Cession des parts sociales

26.11.19
Cession des parts sociales

Si un associé veut ou doit quitter la société et cesser d’être associé, la cession est la manière principale d’atteindre cet objectif. La cession des parts sociales au sens large (la vente mais aussi la donation ou autre) est donc un acte important. Il suppose de respecter un certain nombre de conditions de fond et de forme qui varient en fonction de la situation concrète. Voici un tour d’horizon de l’essentiel sur la cession de parts sociales.

Définition de la cession des parts sociales

Une part sociale est une « part de société », c’est-à-dire un titre de propriété portant sur une partie du capital d’une société commerciale autre qu’une société par actions.
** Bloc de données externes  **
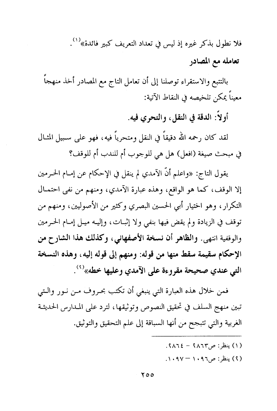 بالتتبع والاستقراء توصلنا إلى أن تعامل التاج مع المصادر أخذ منهجًا معينًا يمكن تلخيصه في النقاط الآتية:
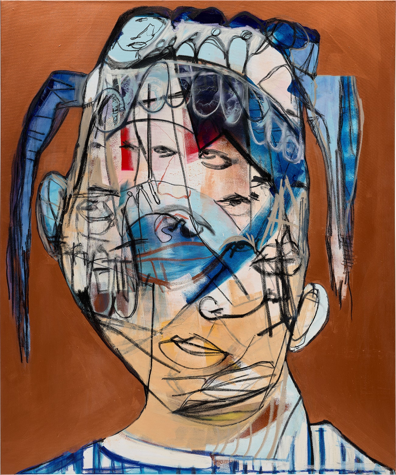 signed and dated "G—Tramaine 19'" on the turnover edge; signed, titled, inscribed and dated "THIS IS A PORTRAIT OF SAINT. MOTHER. MARY. This is really happening Gen. To God be all glory. The lord held my hand while this work came G—Tramaine" on the overlap
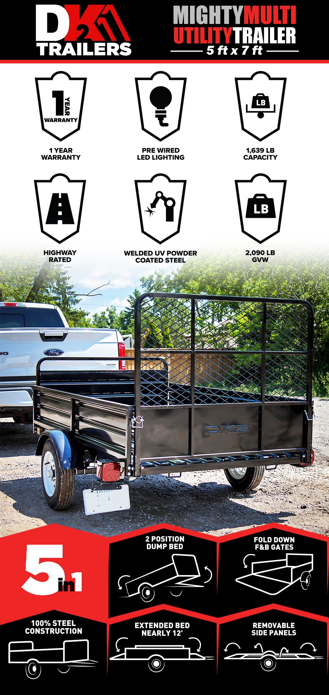 This single axle multi-utility trailer from DK2 is one of the most versatile trailers on the market. Sitting on a solid square tube cambered axle with 12-inch, 6-ply bias tires and a load capacity of 1,639 pounds. Equipped with a 24-inch front load-bearing gate and a 40-inch rear drive-up gate, and a tilt/dump capability that makes it easy to load or unload heavy items. Fabricated from 100% steel, all of the components are reinforced, adjustable, removable and/or interchangeable.

Les sociétés dont le capital est composé de parts sociales sont par exemple la société en nom collectif (SNC) ou la société en commandite simple (SCS), ou encore la société à responsabilité limitée (SARL).

La cession des parts sociales signifie en fait au sens large la transmission de propriété, donc la vente contre le paiement d’un prix, la donation sans contrepartie ou l’échange (par exemple dans une opération d’apport partiel d’actif).

Le régime juridique de la cession de parts sociales et également les vérifications à faire par les parties varient en fonction de l’acquéreur, qui peut être :

  • un tiers,
  • un co-associé,
  • un conjoint, descendant et ascendant

Si les parts sociales sont cédées à un tiers, il devra obligatoirement être agrée par les autres associés, car les parts sociales n’existent que dans les sociétés fermées. Par ailleurs, si le tiers acquiert l’intégralité des parts sociales, il s’agit alors d’une cession d’entreprise (« share deal ») et ce tiers voudra légitimement vérifier l’état de l’entreprise.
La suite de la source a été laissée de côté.